如同秃鹫们分享腐尸盛宴一般,看到这个世界上最大的国有计划主义经济体发生的变化,我开始质疑我的祖国里政治家、经济学家、游说者们以及商人们的做法。当我离开苏格兰时,一种难以察觉的不确定性便一直印在我的脑海中。我知道英国必须要推出一些能够弥补撒切尔时的改革做法的实质性措施,因为当时只是临时性政策,解决问题较为肤浅。只有游历过基辅和莫斯科,回到祖国后我才发现自己错了,开始明白撒切尔和她的追随者们给英国带来的改变会如此深远。
With hindsight, 1991 was a pivotal year. When it began, the free market economic belief system, with its lead proselytisers Thatcher and Ronald Reagan, had been pushing back for more than a decade against various attempts to impose levelling communitarianism around the world. The Berlin Wall had fallen, as had communist regimes in Poland, Czechoslovakia, Hungary, Romania and Bulgaria. The market belief system, which holds that government is incompetent by default, that state taxation is oppressive, that the desire for wealth is the right and principal motivator of achievement and that virtually all human wants can best be met by competing private firms, was becoming entrenched in the non-communist world, from Chile to New Zealand. Made bold by a popular public perception that government overspending and selfish organised labour were to blame for economic stagnation and high inflation in the 1970s, Thatcher and Reagan had taken on powerful trade unions, and won.
之后来看,1991是一个关键之年。坚定信徒撒切尔夫人和罗纳德▪里根在全世界对抗各种试图增强社区主义,使得自由市场经济信仰体制开始的时间,推迟了十多年。正像共产主义政权在波兰、捷克斯洛伐克、匈牙利、罗马尼亚和保加利亚那样,柏林墙也轰然倒塌。市场信仰体制认为,政府本就不该干涉市场,国家征税是沉重的,对财富的渴望是每个人的权利,也是取得成就的主要动力,几乎所有人的愿景都能通过私有企业的竞争得到最大化的实现,从智利到新西兰,在非共产主义世界这种观念正在变得根深蒂固。在1970年代 ,公众普遍认为政府过度开支,而自私的劳工组织责备经济停滞和通货膨胀,因此,撒切尔和里根大胆的尝试壮大工会组织,并取得了胜利。

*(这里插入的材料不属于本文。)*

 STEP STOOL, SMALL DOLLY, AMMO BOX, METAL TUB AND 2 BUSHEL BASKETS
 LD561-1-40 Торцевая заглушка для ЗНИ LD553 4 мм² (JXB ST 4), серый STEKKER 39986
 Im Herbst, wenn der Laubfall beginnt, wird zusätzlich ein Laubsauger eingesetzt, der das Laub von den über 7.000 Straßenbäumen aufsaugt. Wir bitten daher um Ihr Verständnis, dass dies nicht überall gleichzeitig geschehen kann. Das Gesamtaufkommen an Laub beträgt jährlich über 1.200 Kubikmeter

Barriers to the international movement of goods and money had fallen; the European Union was, on paper, a single marketplace. In Britain, restrictions on how much ordinary people could borrow to finance their everyday needs had been scrapped, and millions had acquired credit cards. Volumes of regulations controlling how banks were allowed to use people's deposits had been torn up, and unimaginably vast sums were being moved privately from country to country. Government spending had been cut, as had income tax and corporation tax. Sales tax and fees for everyday services had been raised. Council houses and big state enterprises had been privatised, with more on the way, leading to hundreds of thousands of redundancies. Thatcher's programme in Britain was an inspiration for the IMF and the World Bank as they experimented with the conditions they attached to bail-out loans to developing countries.

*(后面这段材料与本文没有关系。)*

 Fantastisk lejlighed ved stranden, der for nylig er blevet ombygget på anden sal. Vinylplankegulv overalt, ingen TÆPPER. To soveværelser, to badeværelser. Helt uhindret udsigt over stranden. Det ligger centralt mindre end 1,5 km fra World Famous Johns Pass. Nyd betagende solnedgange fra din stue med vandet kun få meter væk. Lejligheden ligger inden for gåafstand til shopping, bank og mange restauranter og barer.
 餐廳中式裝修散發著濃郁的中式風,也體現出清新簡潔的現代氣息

国际商品和资金流动壁垒降低;而理论上欧盟则是一个单一市场。在英国,普通人可以借钱来维持他们的日常需要的限制已经取消了,数百万计的人已经获得信用卡。大量关于控制银行如何才能被允许使用人们存款的法规被废除了,难以想象巨额财富被私下从一个国家转移到另一个国家。政府支出被削减,就像个人所得税和公司所得税。销售税和日常服务费用已经提高。政府办公楼和大国企已经被私有化,而更多的也将紧随其后,导致了成千上万的裁员。撒切尔在英国的计划启发了国际货币基金组织和世界银行,他们试图将此作为给发展中国家提供纾困贷款的条件。

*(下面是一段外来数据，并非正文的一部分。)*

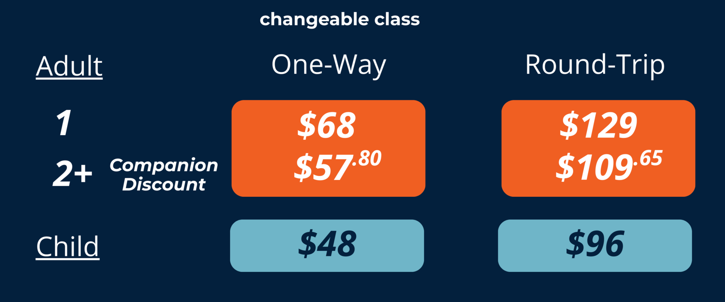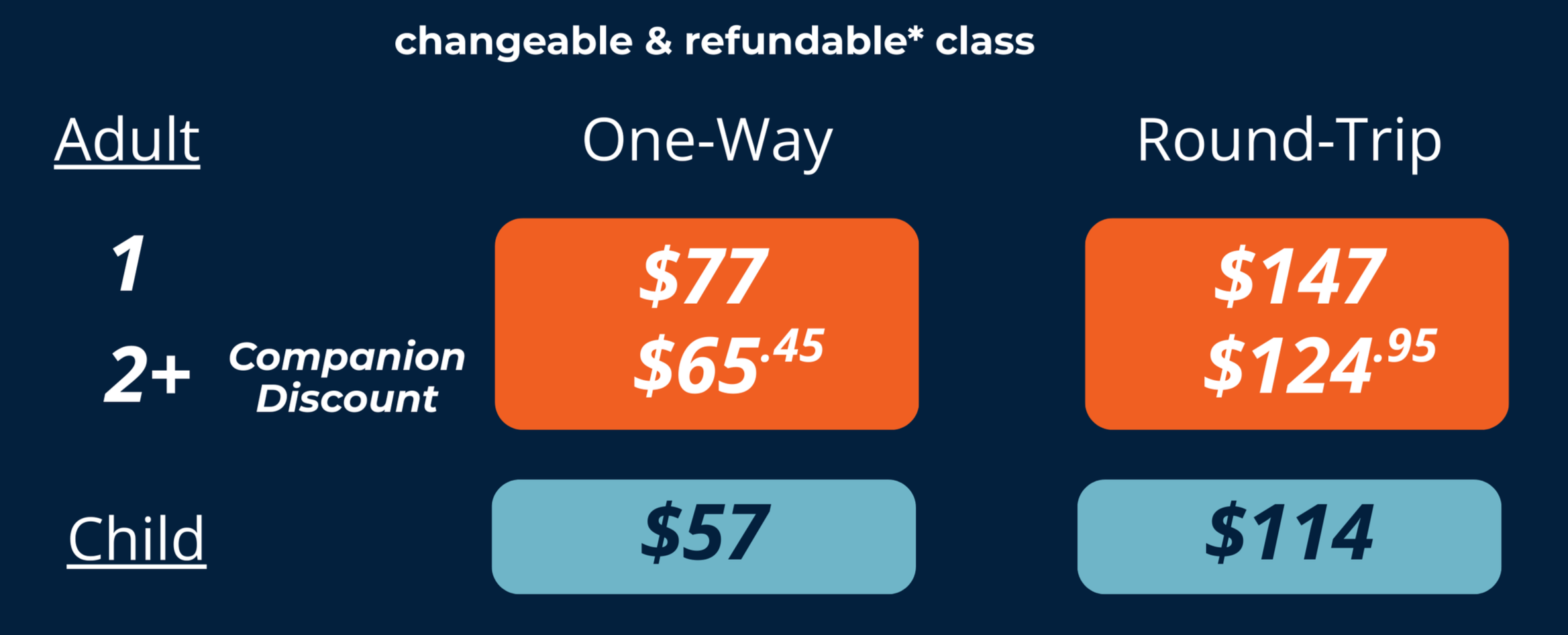 * The difference in fare ($9) for Flex Fare tickets is considered insurance and is non-refundable

But at the end of 1990, the triumph of marketism seemed to hang in the balance. Reagan and Thatcher had relinquished the stage to less fervent, less charismatic successors. The man who'd introduced the market economy to China, Deng Xiaoping, had been blamed by traditional communists for fostering the Tiananmen Square protests, and was in disgrace. In the Soviet Union Mikhail Gorbachev, the great hope of free marketeers, was facing a similar backlash from hardliners, and the Baltic countries' hopes of escape from the USSR looked bleak. Saddam Hussein, dictator of semi-socialist Iraq, had invaded semi-capitalist Kuwait.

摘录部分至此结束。